Possession Obsession: Andy Warhol and Collecting
Edited by John W. Smith
The Andy Warhol Museum
160 pages, $39.95
Andy Warhol
by Christopher Makos
Charta. 412 pages, $29.95
Andy Warhol: Drawing and Illustrations of the 1950’s
Distributed Arts Publishers
112 pages, $9.95
Keith Haring: Heaven and Hell
Edited by Götz Adriani
Hatje Cantz Publishers. 200 pages, $45.
ANDY WARHOL and Keith Haring met in person in 1983, near the end of the senior artist’s career but still in the flowering of Haring’s all-too-brief life (he died in 1990). What seems to have excited Warhol most about the younger artist was his plan to open a retail outlet for the sale of his work. The Pop Shop opened its doors in 1986 and sold Haring-designed merchandise that featured his artwork on T-shirts, posters, and even inflatable animals, among other commercially produced items. Warhol had strongly encouraged Haring to pursue this enterprise, which, after all, was entirely consistent with Warhol’s own conflation of “high” art and “low.” What’s more, Warhol was at this stage of his life increasingly indulging his obsession with commercial culture by collecting its artifacts in great heaps, culling the dealerships of New York as a daily ritual: in short, by shopping.

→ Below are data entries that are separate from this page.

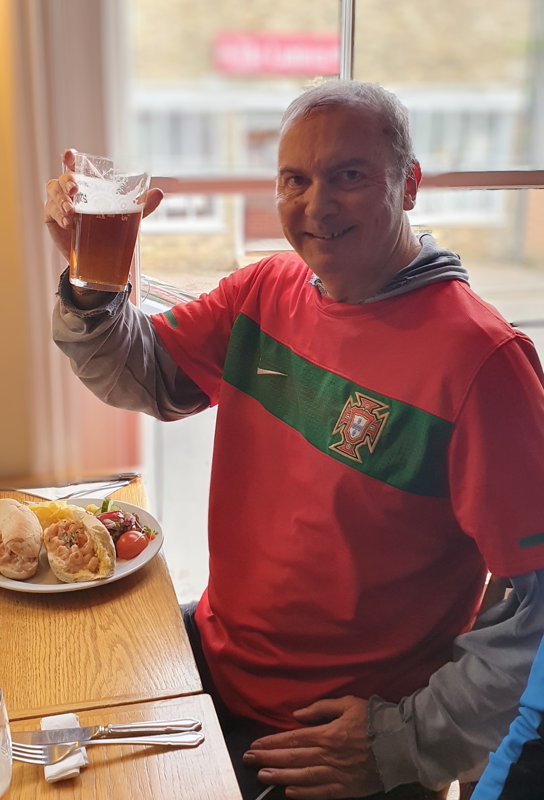Sod the coffee, let’s have a real drink – seemed to be the general feeling as we formed a socially distanced queue at the bar – and Rod, now looking distinctly red in the face, expressed strong approval. What’s more, having missed celebrating his birthday during lockdown, Charles insisted on buying the beers. Thank you, Charles, and a belated very happy birthday to you.
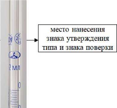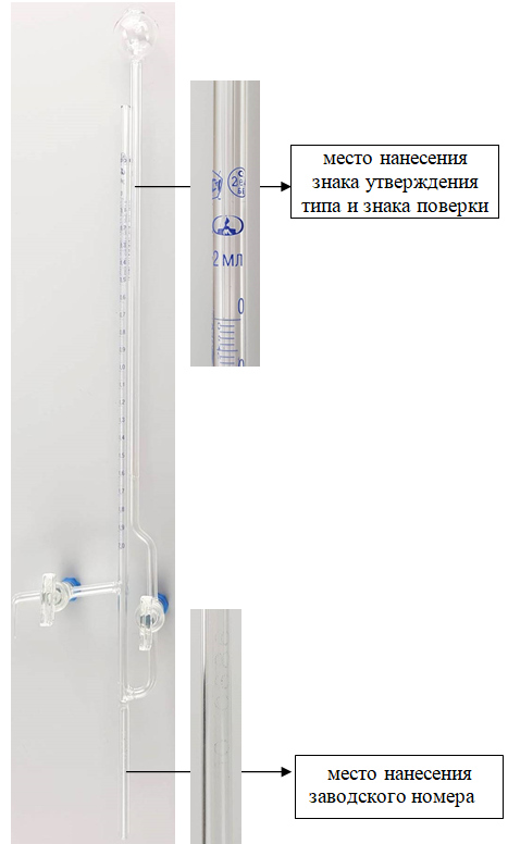 Место нанесения заводского номера, знака утверждения типа и знака поверки на бюретку указано на рисунке 2.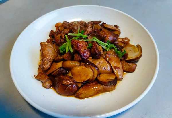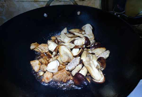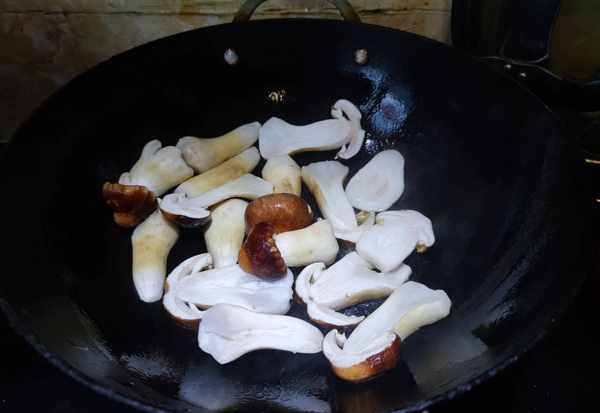 5.鍋中下入煎好的姬松茸跟肉片一起翻炒均勻,加入鹽和蠔油調味,滴幾滴花椒油即可出鍋享用。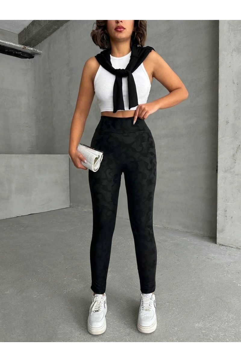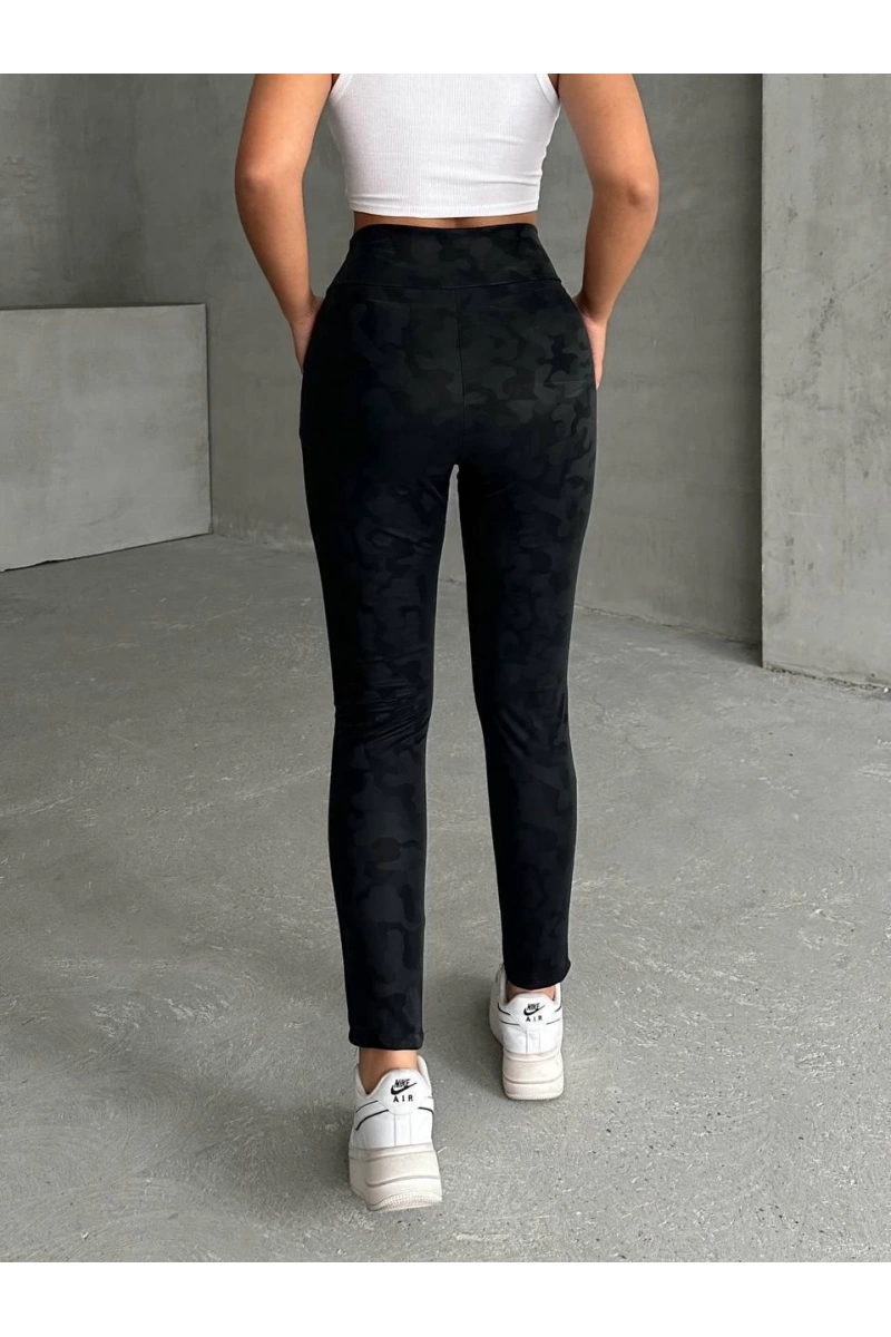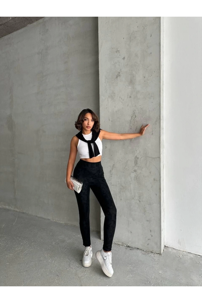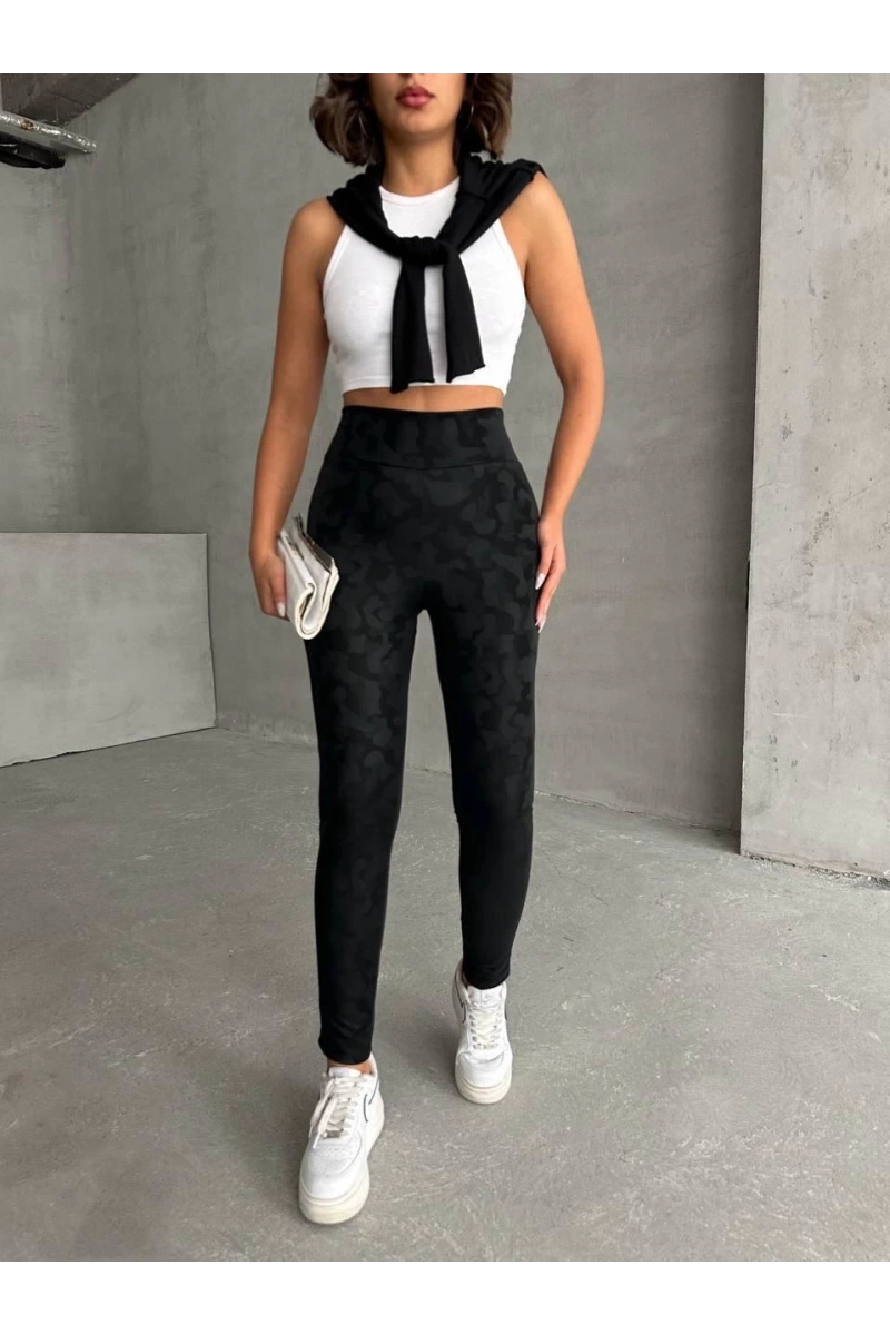 Trendleri takip eden kadınların favorisi olmaya aday, gizli yan fermuarlı bulut desenli siyah tayt ile şıklığı ve rahatlığı bir arada yaşayacaksınız.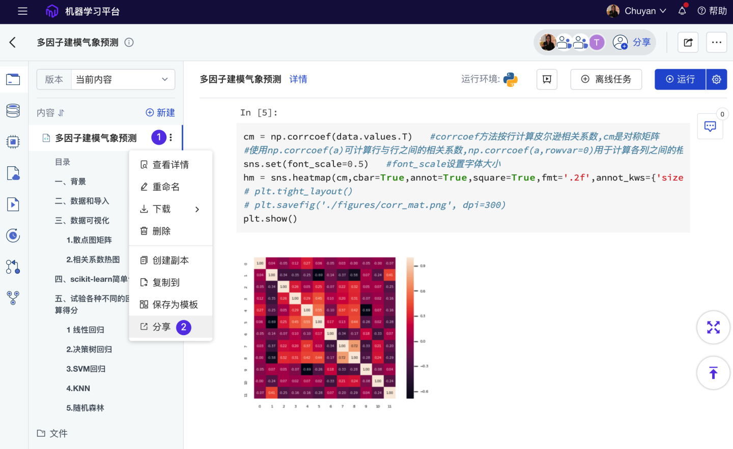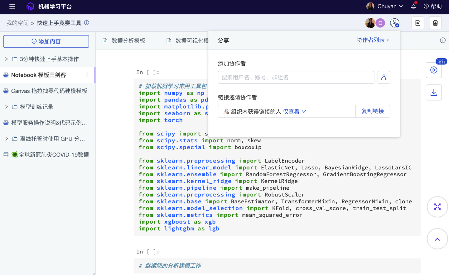 用户现除了可以分享整个项目外,还可以选中项目内的某个 Notebook 进行分享。其他人点击“分享链接”即可查看浏览该 Notebook。单个 Canvas 也支持通过上述方式进行分享。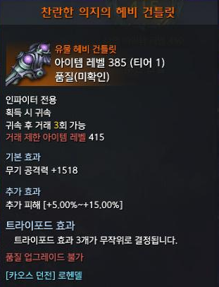 로헨델 카오스 던전에서는 아이템 레벨 385 장비를 얻을 수 있습니다.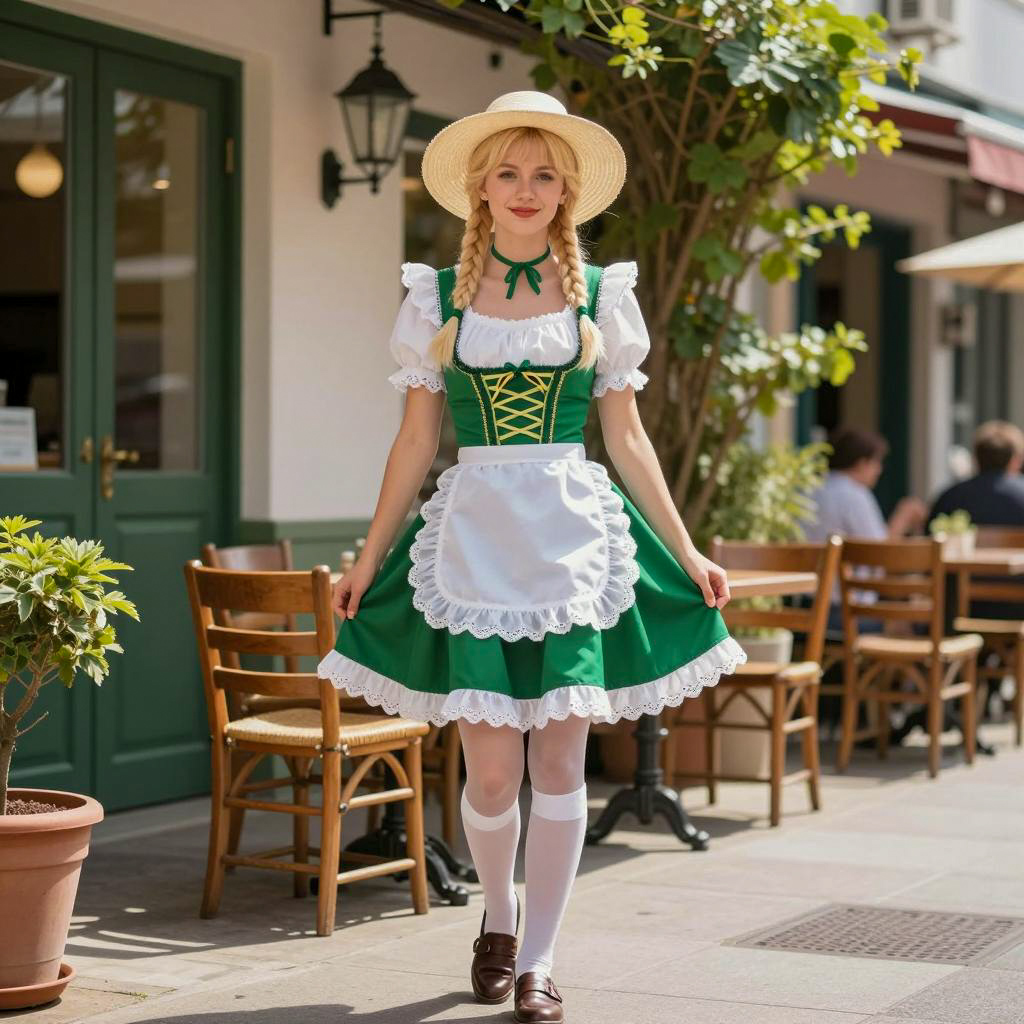 Irish waitress costume, photograph of a cute blonde woman in a German-style dirndl, standing outdoors on a sunny street, green dress with white apron, puffed sleeves, lace trim, brown leather shoes, white stockings, braided hair, wide-brimmed hat, green choker necklace, background includes wooden chairs, green doors, hanging lantern, leafy plants, daytime, summer, realistic, detailed, street café setting, natural light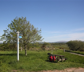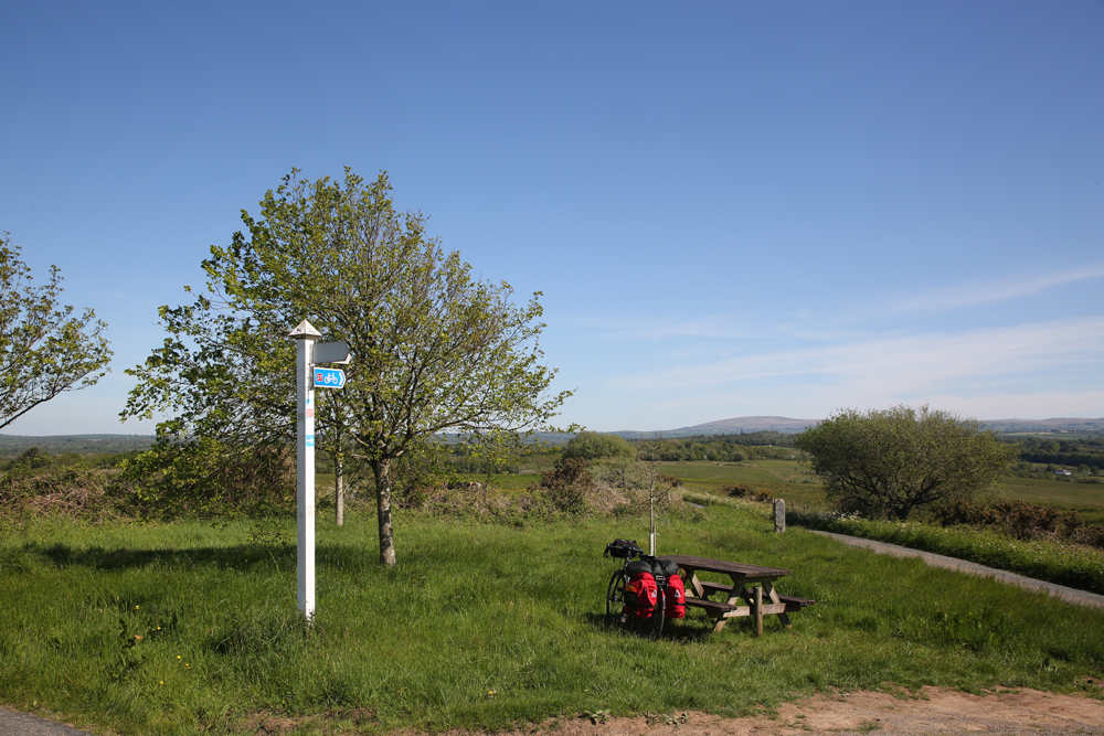 A thoughtfully provided picnic table by the junction close to Hatherleigh Monument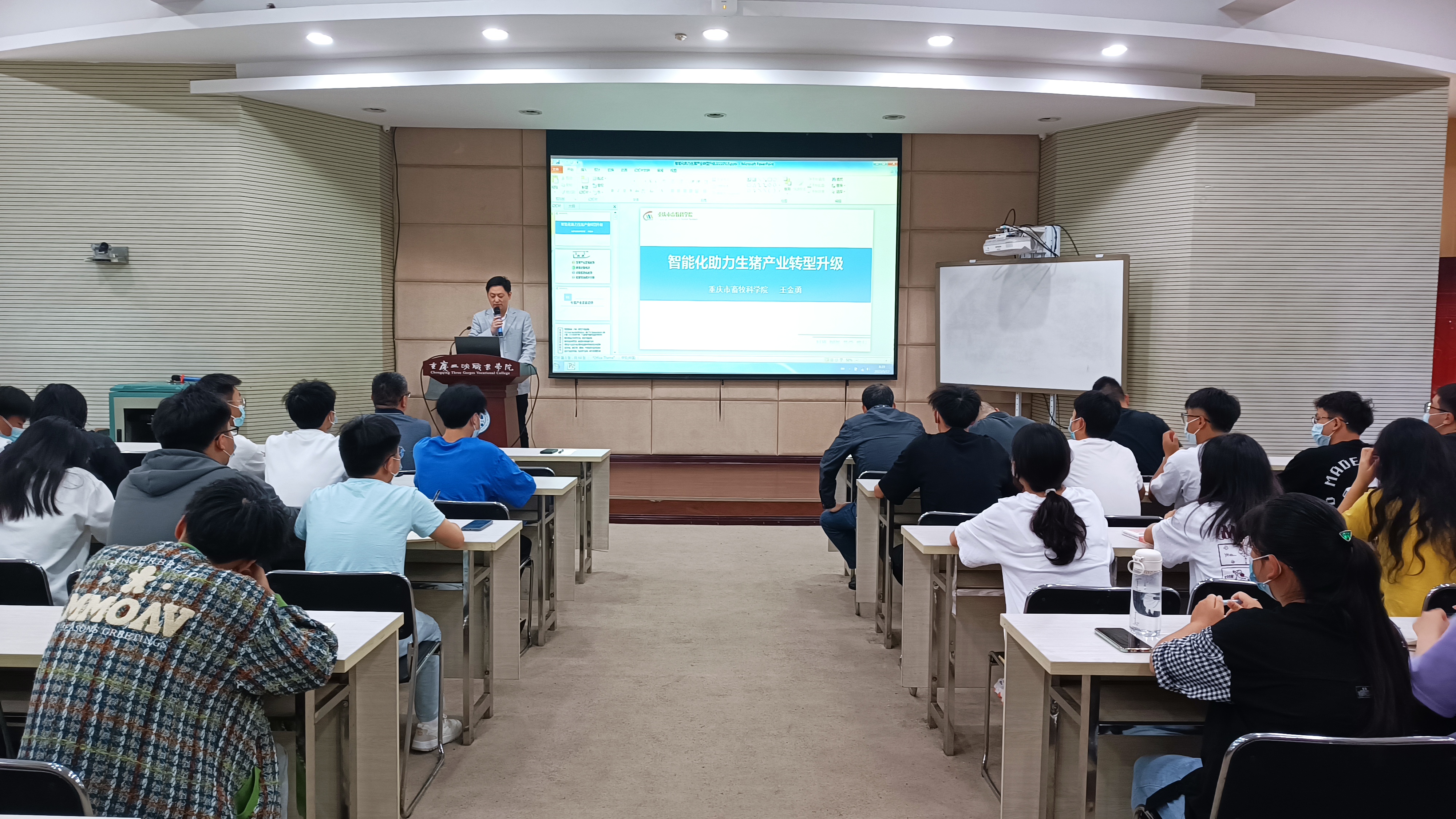 5月17日,我院邀请重庆市畜牧兽医学会理事长王金勇研究员到校开展《智能化助力生猪产业转型升级》专题讲座,讲座由动物科技学院党总支书记、院长张传师主持,动物科技学院师生100余人参加。

Among the recent books in the never-ending supply of Warholiana are the beautiful Possession Obsession, and two small, quirky ones, a book of photographs of Warhol by Christopher Makos that includes virtually no text, and a book of “drawings and illustrations” that reproduce Warhol’s early illustrations as a commercial artist. Keith Haring, who was much more widely respected in Europe than in the U.S., is also the subject of a new work, a handsomely produced book entitled Keith Haring: Heaven and Hell. All four of these books have something of interest to offer both aficionados of pop art and pop culture and to those yet to be initiated into the worlds of these two artists.